Work instructions ▸ Restate, word for word and with no pictures, the stretch of lines in the data below that begins at the line with "Fototapeta premium Reindeer Grazing on Grass" and ends at the line with "opponent. | |||", inclusive.

[Collected data entries]
● ● ●
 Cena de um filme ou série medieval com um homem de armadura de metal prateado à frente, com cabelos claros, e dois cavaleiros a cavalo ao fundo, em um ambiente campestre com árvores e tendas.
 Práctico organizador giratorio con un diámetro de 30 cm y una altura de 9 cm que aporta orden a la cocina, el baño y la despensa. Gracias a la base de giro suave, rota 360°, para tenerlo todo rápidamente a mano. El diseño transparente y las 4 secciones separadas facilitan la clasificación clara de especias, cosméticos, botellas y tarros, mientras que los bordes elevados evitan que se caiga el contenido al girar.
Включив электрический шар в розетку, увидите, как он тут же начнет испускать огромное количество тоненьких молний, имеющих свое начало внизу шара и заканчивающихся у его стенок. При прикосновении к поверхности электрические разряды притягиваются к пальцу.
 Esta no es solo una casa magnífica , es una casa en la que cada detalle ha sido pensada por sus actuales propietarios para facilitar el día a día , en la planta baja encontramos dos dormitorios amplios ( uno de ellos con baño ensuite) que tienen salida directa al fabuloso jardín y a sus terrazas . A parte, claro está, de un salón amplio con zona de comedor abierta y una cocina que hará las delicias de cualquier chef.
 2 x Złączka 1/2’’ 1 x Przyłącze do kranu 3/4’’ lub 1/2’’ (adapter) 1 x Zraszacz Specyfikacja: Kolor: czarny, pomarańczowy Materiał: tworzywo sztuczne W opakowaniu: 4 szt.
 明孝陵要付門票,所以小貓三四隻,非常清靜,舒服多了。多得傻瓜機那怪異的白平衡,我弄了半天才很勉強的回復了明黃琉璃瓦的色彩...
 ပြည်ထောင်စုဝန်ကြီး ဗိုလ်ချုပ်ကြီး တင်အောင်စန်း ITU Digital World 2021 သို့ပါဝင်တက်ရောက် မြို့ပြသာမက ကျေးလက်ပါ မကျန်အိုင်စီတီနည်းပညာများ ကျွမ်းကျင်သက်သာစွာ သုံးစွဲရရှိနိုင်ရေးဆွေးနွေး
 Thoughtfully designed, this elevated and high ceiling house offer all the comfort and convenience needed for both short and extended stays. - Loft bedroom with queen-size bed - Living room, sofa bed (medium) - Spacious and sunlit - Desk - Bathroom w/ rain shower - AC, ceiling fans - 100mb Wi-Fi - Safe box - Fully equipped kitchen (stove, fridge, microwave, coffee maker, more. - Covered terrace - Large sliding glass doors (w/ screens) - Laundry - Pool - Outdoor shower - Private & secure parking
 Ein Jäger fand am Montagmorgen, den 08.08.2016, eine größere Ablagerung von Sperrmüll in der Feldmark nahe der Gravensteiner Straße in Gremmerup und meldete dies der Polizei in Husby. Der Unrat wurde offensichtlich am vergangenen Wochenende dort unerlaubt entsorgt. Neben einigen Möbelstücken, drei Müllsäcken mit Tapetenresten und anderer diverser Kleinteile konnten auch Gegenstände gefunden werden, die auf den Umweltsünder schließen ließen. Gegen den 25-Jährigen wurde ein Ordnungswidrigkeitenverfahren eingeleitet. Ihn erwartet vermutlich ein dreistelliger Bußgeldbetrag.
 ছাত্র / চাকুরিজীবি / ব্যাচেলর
● ● ●
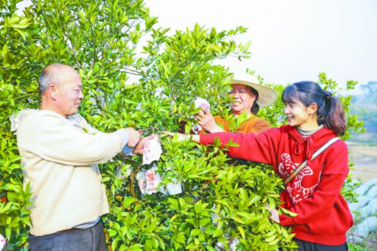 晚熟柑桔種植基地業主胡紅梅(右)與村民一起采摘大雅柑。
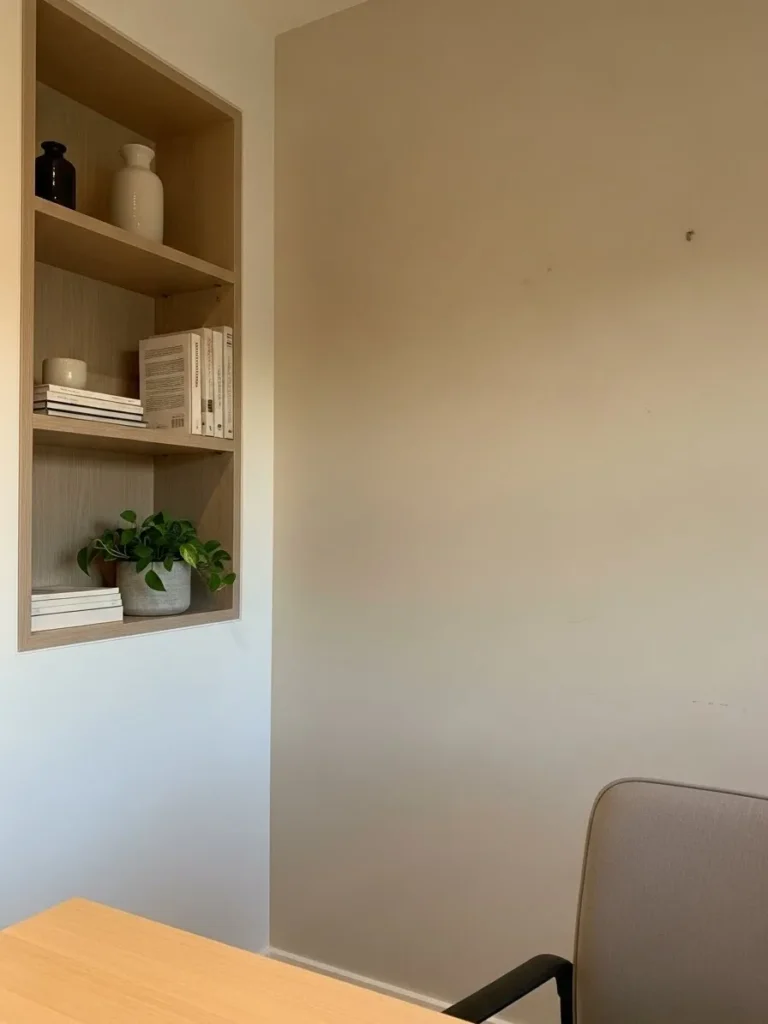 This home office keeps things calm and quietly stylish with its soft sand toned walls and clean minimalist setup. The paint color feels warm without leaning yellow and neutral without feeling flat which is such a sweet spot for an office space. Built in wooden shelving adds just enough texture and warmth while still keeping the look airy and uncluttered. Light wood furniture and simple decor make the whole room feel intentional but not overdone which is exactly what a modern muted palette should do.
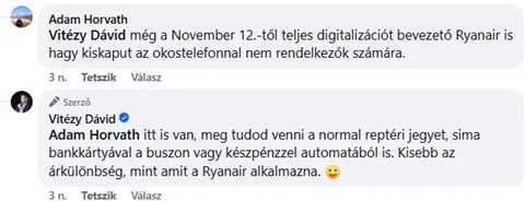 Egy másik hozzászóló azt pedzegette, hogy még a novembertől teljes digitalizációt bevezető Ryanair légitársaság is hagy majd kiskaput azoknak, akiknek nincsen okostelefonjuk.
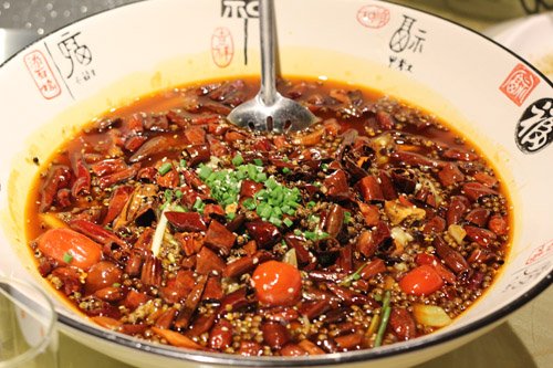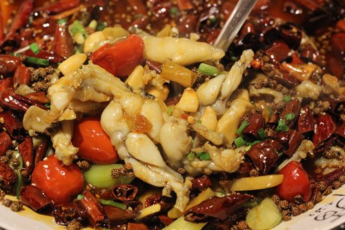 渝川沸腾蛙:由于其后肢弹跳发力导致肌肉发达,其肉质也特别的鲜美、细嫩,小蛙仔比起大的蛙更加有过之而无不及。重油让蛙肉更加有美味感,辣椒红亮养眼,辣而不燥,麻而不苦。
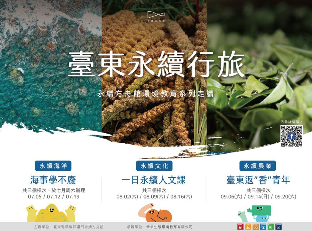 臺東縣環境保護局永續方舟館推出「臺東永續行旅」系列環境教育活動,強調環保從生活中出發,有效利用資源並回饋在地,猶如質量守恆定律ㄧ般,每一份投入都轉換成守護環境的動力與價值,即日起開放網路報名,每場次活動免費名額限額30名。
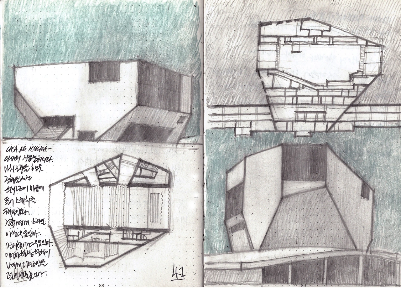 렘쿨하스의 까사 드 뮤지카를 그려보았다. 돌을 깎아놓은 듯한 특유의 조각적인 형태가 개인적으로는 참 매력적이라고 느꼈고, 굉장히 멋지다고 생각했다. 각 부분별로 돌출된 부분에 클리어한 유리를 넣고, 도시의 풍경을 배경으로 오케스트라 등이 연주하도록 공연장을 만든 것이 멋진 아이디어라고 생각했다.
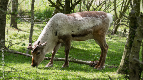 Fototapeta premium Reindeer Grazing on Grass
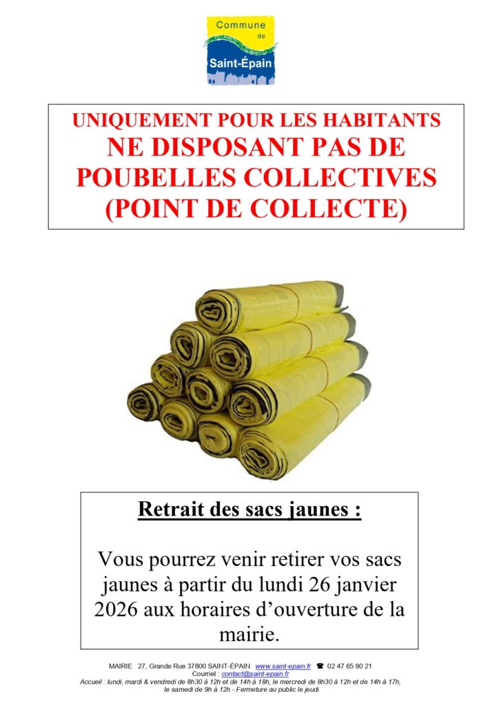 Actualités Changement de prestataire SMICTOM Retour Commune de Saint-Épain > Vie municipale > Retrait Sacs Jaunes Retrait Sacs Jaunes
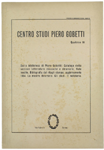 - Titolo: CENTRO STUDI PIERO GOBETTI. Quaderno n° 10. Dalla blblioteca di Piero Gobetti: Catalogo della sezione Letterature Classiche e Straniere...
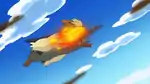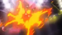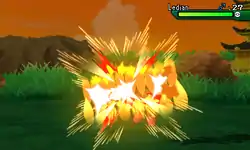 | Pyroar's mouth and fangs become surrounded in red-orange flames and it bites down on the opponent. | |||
● ● ●
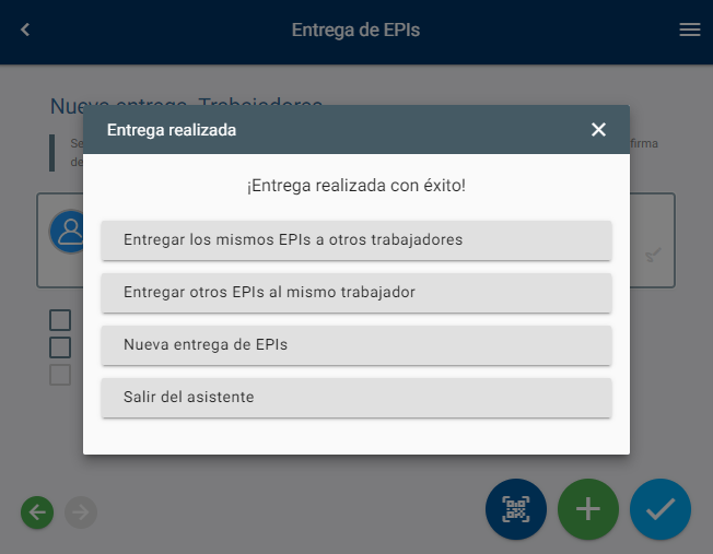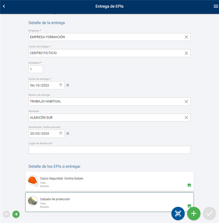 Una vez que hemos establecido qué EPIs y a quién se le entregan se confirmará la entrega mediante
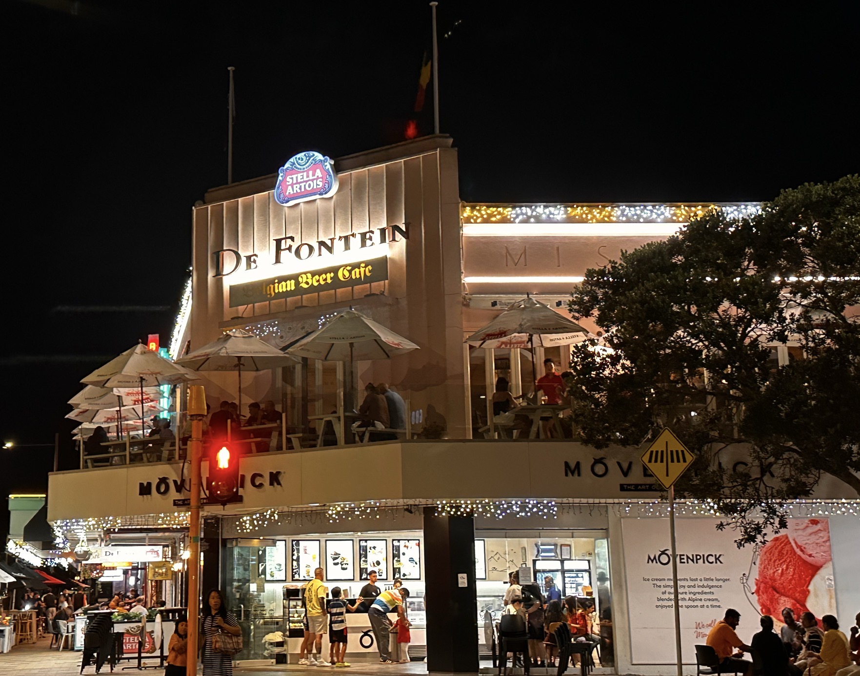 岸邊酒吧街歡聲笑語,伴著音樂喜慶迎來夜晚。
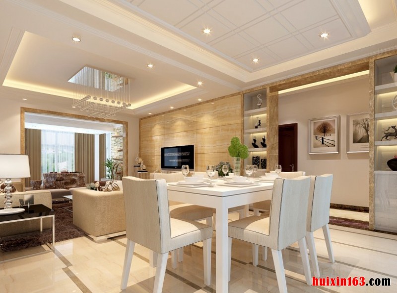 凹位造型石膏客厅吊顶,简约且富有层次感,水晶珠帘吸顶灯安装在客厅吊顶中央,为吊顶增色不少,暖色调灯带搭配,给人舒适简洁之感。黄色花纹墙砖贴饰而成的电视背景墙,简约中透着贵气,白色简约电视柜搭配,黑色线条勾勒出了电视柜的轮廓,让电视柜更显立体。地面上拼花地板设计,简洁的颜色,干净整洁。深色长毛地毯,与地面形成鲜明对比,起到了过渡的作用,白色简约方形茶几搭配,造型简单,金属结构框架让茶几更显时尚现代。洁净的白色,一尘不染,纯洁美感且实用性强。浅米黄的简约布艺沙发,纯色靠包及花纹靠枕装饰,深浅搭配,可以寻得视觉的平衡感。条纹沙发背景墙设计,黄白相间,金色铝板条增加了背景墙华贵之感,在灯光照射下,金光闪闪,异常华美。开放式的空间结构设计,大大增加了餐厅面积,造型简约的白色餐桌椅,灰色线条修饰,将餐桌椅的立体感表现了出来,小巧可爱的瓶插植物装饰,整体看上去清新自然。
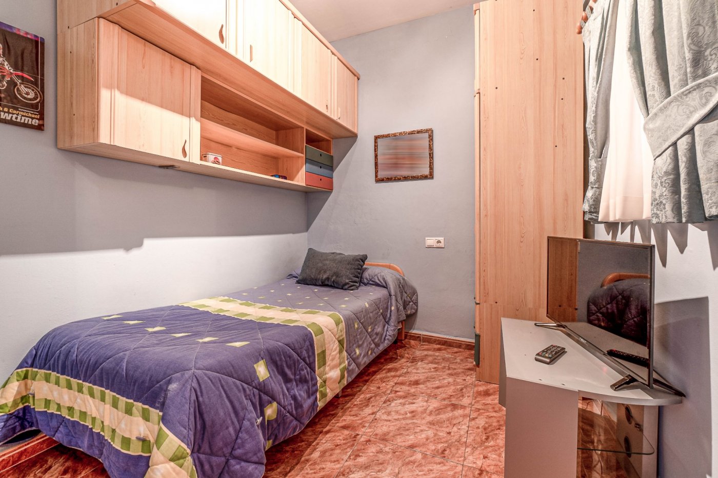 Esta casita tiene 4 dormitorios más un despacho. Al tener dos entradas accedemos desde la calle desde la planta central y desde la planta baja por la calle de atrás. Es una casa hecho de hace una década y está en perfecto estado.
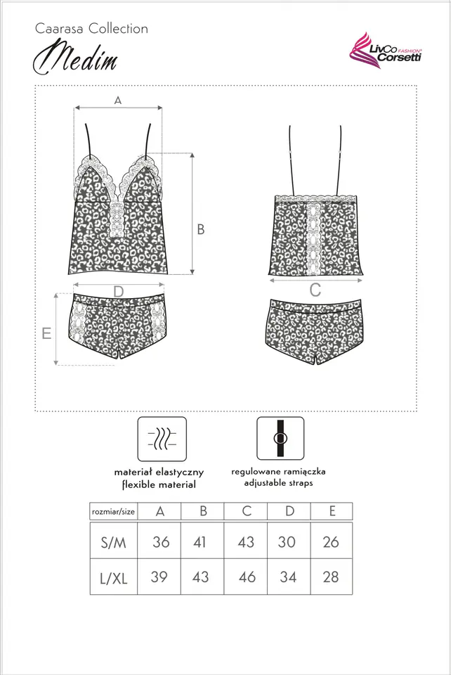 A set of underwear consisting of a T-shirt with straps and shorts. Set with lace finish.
● ● ●
Your solution ▸
 Fototapeta premium Reindeer Grazing on Grass
 Actualités Changement de prestataire SMICTOM Retour Commune de Saint-Épain > Vie municipale > Retrait Sacs Jaunes Retrait Sacs Jaunes
 - Titolo: CENTRO STUDI PIERO GOBETTI. Quaderno n° 10. Dalla blblioteca di Piero Gobetti: Catalogo della sezione Letterature Classiche e Straniere...
 | Pyroar's mouth and fangs become surrounded in red-orange flames and it bites down on the opponent. | |||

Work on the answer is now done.